Scenes-with-text Detection (v6.0)

About this version

Submitter: keighrim
Submission Time: 2024-07-25T16:11:42+00:00
Prebuilt Container Image: ghcr.io/clamsproject/app-swt-detection:v6.0
Release Notes
- updated to the latest SDK (adding some runtime recording params)
- added usePosModel param to toggle positional encoding
- general re-implementation and bugfix for positional encoding

About this app (See raw metadata.json)

Detects scenes with text, like slates, chyrons and credits.

App ID: http://apps.clams.ai/swt-detection/v6.0
App License: Apache 2.0
Source Repository: https://github.com/clamsproject/app-swt-detection (source tree of the submitted version)

Inputs

(Note: “*” as a property value means that the property is required but can be any value.)

http://mmif.clams.ai/vocabulary/VideoDocument/v1 (required) (of any properties)

Configurable Parameters

(Note: Multivalued means the parameter can have one or more values.)
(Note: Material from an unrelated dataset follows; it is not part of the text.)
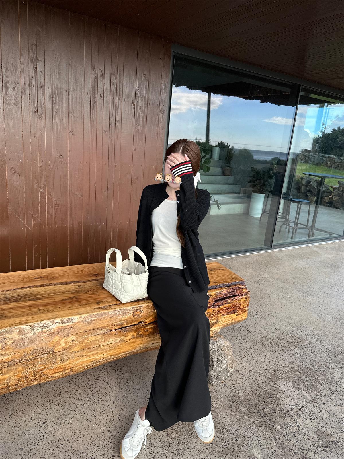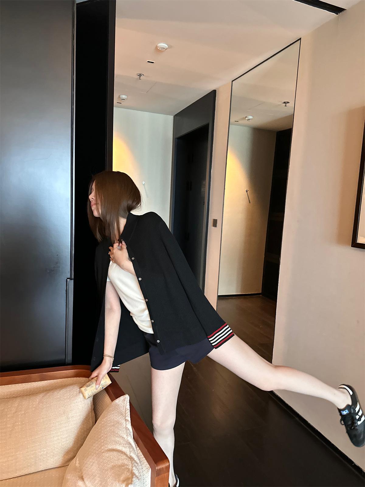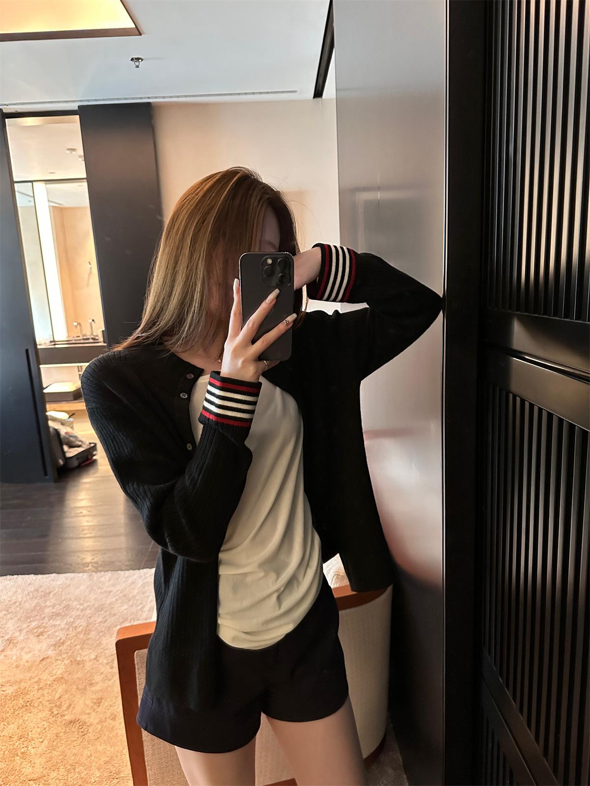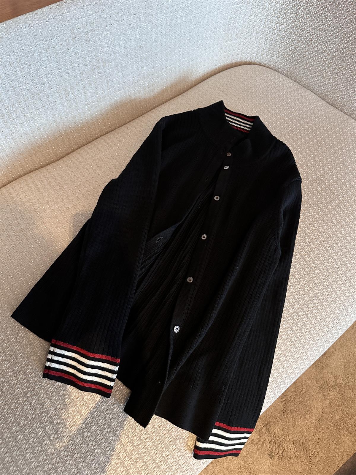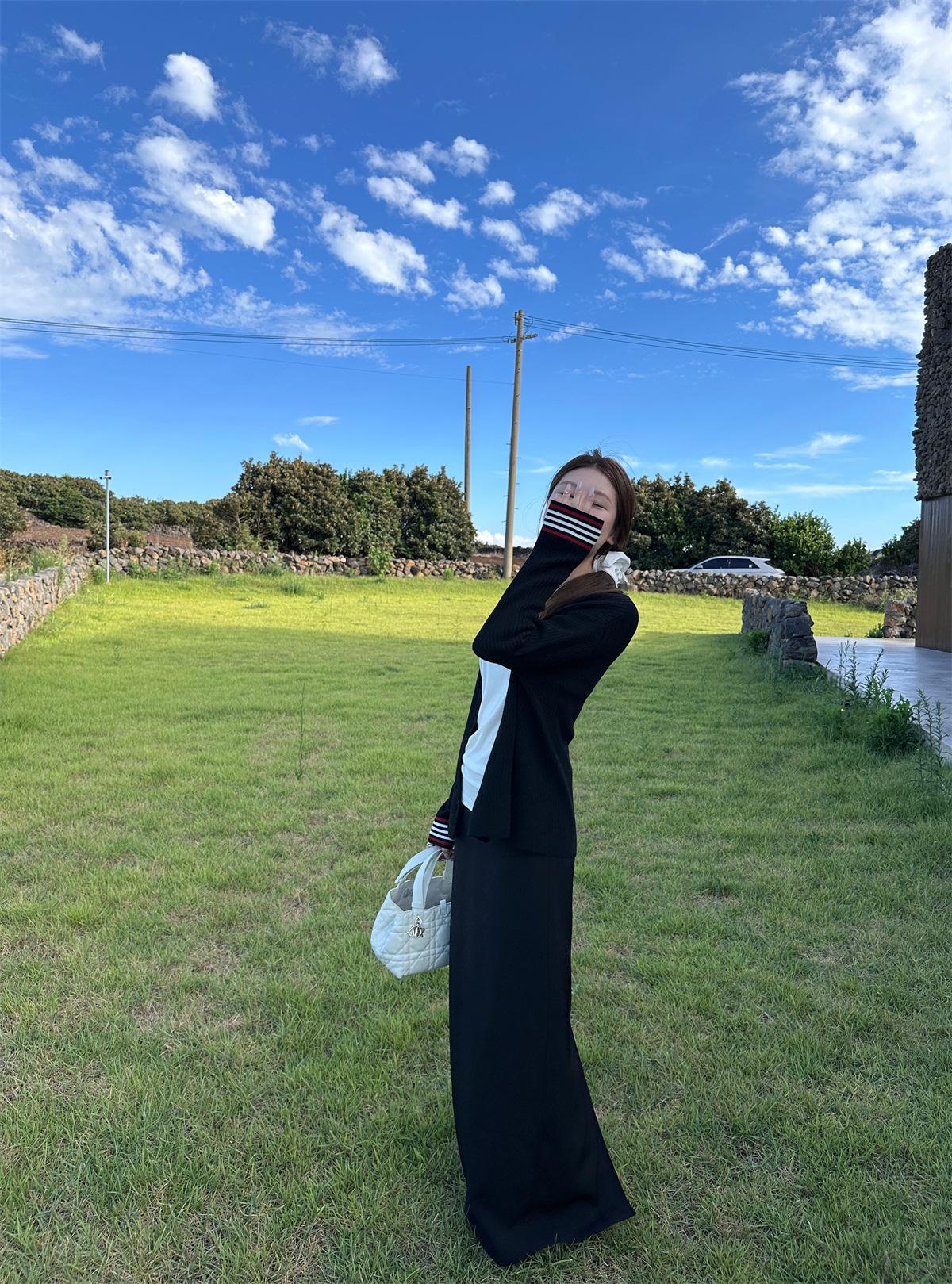 Cárdigan de Lana con Bloques de Color de Línea Privada Diebao Xi para Mujer Otoño Versátil Holgado Adelgazante Temperamento Manga Larga Top

startAt: optional, defaults to 0
- Type: integer
- Multivalued: False
Number of milliseconds into the video to start processing
stopAt: optional, defaults to 9223372036854775807
- Type: integer
- Multivalued: False
Number of milliseconds into the video to stop processing
sampleRate: optional, defaults to 1000
- Type: integer
- Multivalued: False
Milliseconds between sampled frames
minFrameScore: optional, defaults to 0.01
- Type: number
- Multivalued: False
Minimum score for a still frame to be included in a TimeFrame
minTimeframeScore: optional, defaults to 0.5
- Type: number
- Multivalued: False
Minimum score for a TimeFrame
minFrameCount: optional, defaults to 2
- Type: integer
- Multivalued: False
Minimum number of sampled frames required for a TimeFrame
modelName: optional, defaults to convnext_lg
- Type: string
- Multivalued: False
- Choices: convnext_tiny, convnext_lg
model name to use for classification
usePosModel: optional, defaults to true
- Type: boolean
- Multivalued: False
- Choices: false, true
Use the model trained with positional features
useStitcher: optional, defaults to true
- Type: boolean
- Multivalued: False
- Choices: false, true
Use the stitcher after classifying the TimePoints
allowOverlap: optional, defaults to true
- Type: boolean
- Multivalued: False
- Choices: false, true
Allow overlapping time frames
map: optional, defaults to ['B:bars', 'S:slate', 'I:chyron', 'N:chyron', 'Y:chyron', 'C:credits', 'R:credits', 'W:other_opening', 'L:other_opening', 'O:other_opening', 'M:other_opening', 'E:other_text', 'K:other_text', 'G:other_text', 'T:other_text', 'F:other_text']
- Type: map
- Multivalued: True
Mapping of a label in the input annotations to a new label. Must be formatted as IN_LABEL:OUT_LABEL (with a colon). To pass multiple mappings, use this parameter multiple times. By default, all the input labels are passed as is, including any negative labels (with default value being no remapping at all). However, when at least one label is remapped, all the other “unset” labels are discarded as a negative label.
pretty: optional, defaults to false
- Type: boolean
- Multivalued: False
- Choices: false, true
The JSON body of the HTTP response will be re-formatted with 2-space indentation
runningTime: optional, defaults to false
- Type: boolean
- Multivalued: False
- Choices: false, true
The running time of the app will be recorded in the view metadata
hwFetch: optional, defaults to false
- Type: boolean
- Multivalued: False
- Choices: false, true
The hardware information (architecture, GPU and vRAM) will be recorded in the view metadata

Outputs

(Note: “*” as a property value means that the property is required but can be any value.)

(Note: Not all output annotations are always generated.)

http://mmif.clams.ai/vocabulary/TimeFrame/v5
- timeUnit = “milliseconds”
http://mmif.clams.ai/vocabulary/TimePoint/v4
- timeUnit = “milliseconds”
- labelset = a list of [“B”, “S”, “W”, “L”, “O”, “M”, “I”, “N”, “E”, “P”, “Y”, “K”, “G”, “T”, “F”, “C”, “R”]